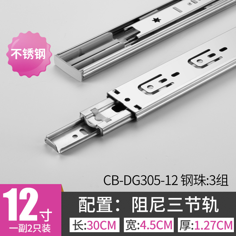 • [댐핑이있는 스테인레스 스틸] 12 인치 = 30cm 3 섹션 레일
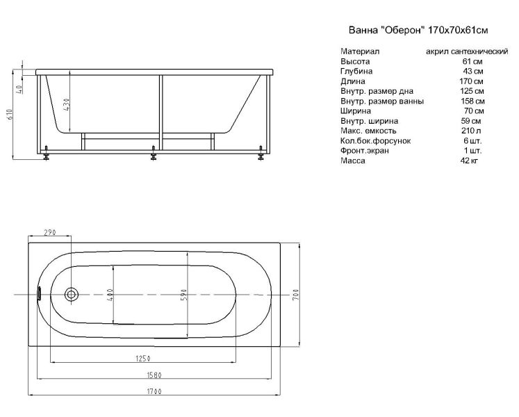 Габариты (Д Ш), см: 160х70Высота с опорой, см: 61Объем, л: 195 Форма: прямоугольнаяМонтаж: пристеннаяРасположение перелива: стандартноеДиаметр слива ванны, см: 5,2Материал: 100% литьевой акрилТолщина акрилового листа, мм: 4Гарантия: 20 летСтрана: Россия Вид опоры: каркас сборно-разборный сварной, есть в комплектеЭкран: фронтальный в комплектеСлив-перелив: есть, в комплектеАнтискользящее покрытие: нескользкая поверхностьПодголовник: приобретается отдельноРучки: приобретаются отдельно Система гидромассажа: установка по желаниюАэромассаж: установка по желаниюХромотерапия: установка по желаниюРучки, поручни для ванны: установка по желаниюВстроенные смесители: установка по желаниюИзменение конструкции каркаса: установка по желаниюОзонирование: нет, установка не предусмотренаЗащита от сухого пуска: установка по желаниюУправление: любое по желанию
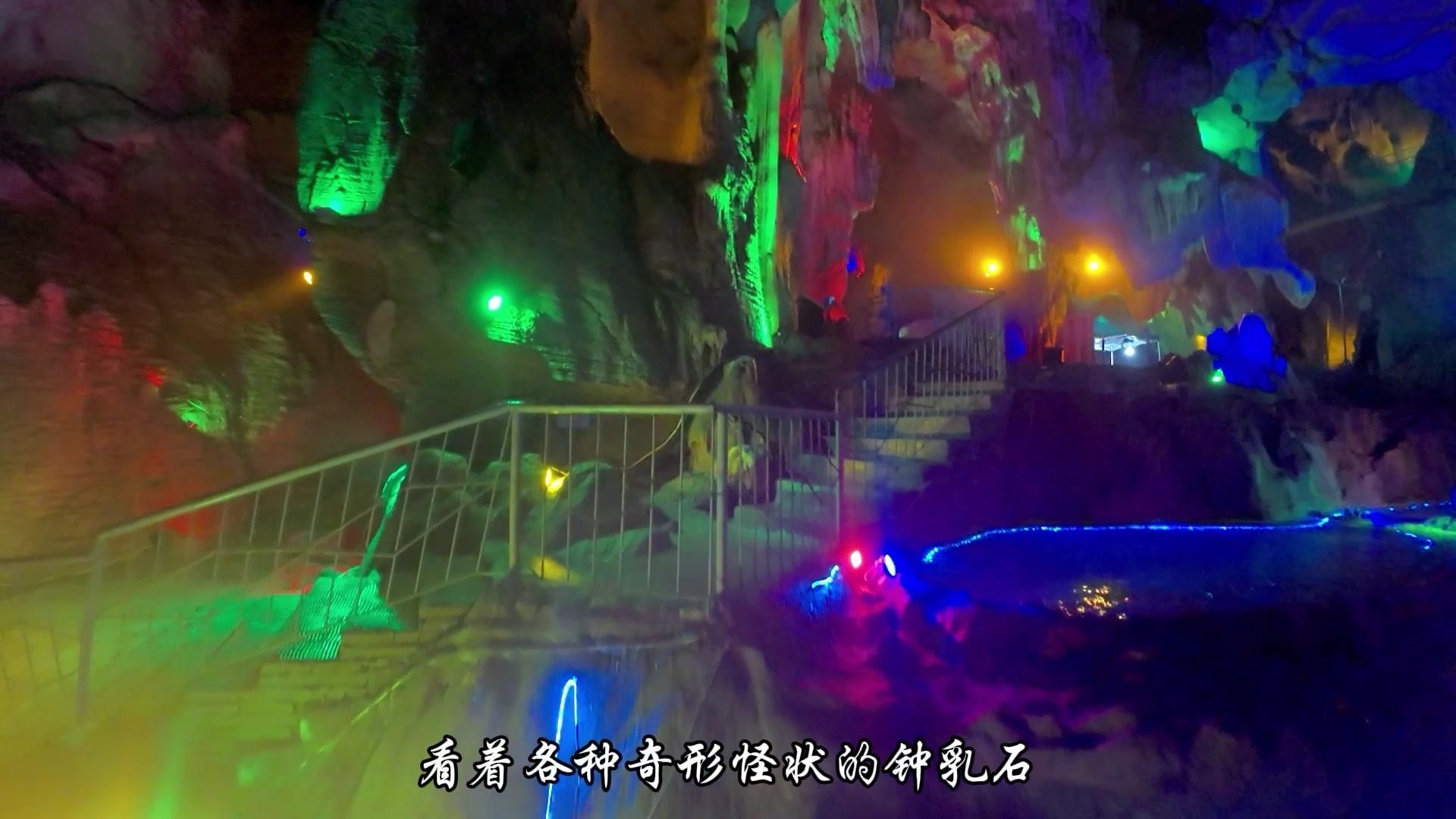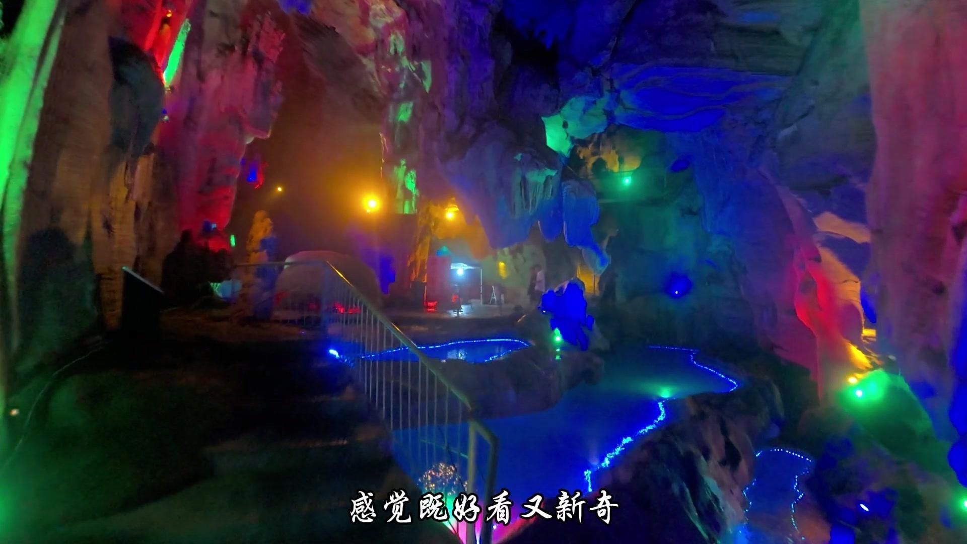 看着各种奇形怪状的钟乳石,配合着七彩的灯光,感觉既好看又新奇。

— Exercise objective —
Would you please repeat all the data word for word, but without the pictures?

— Written reply —
 • [댐핑이있는 스테인레스 스틸] 12 인치 = 30cm 3 섹션 레일
 Габариты (Д Ш), см: 160х70Высота с опорой, см: 61Объем, л: 195 Форма: прямоугольнаяМонтаж: пристеннаяРасположение перелива: стандартноеДиаметр слива ванны, см: 5,2Материал: 100% литьевой акрилТолщина акрилового листа, мм: 4Гарантия: 20 летСтрана: Россия Вид опоры: каркас сборно-разборный сварной, есть в комплектеЭкран: фронтальный в комплектеСлив-перелив: есть, в комплектеАнтискользящее покрытие: нескользкая поверхностьПодголовник: приобретается отдельноРучки: приобретаются отдельно Система гидромассажа: установка по желаниюАэромассаж: установка по желаниюХромотерапия: установка по желаниюРучки, поручни для ванны: установка по желаниюВстроенные смесители: установка по желаниюИзменение конструкции каркаса: установка по желаниюОзонирование: нет, установка не предусмотренаЗащита от сухого пуска: установка по желаниюУправление: любое по желанию
 看着各种奇形怪状的钟乳石,配合着七彩的灯光,感觉既好看又新奇。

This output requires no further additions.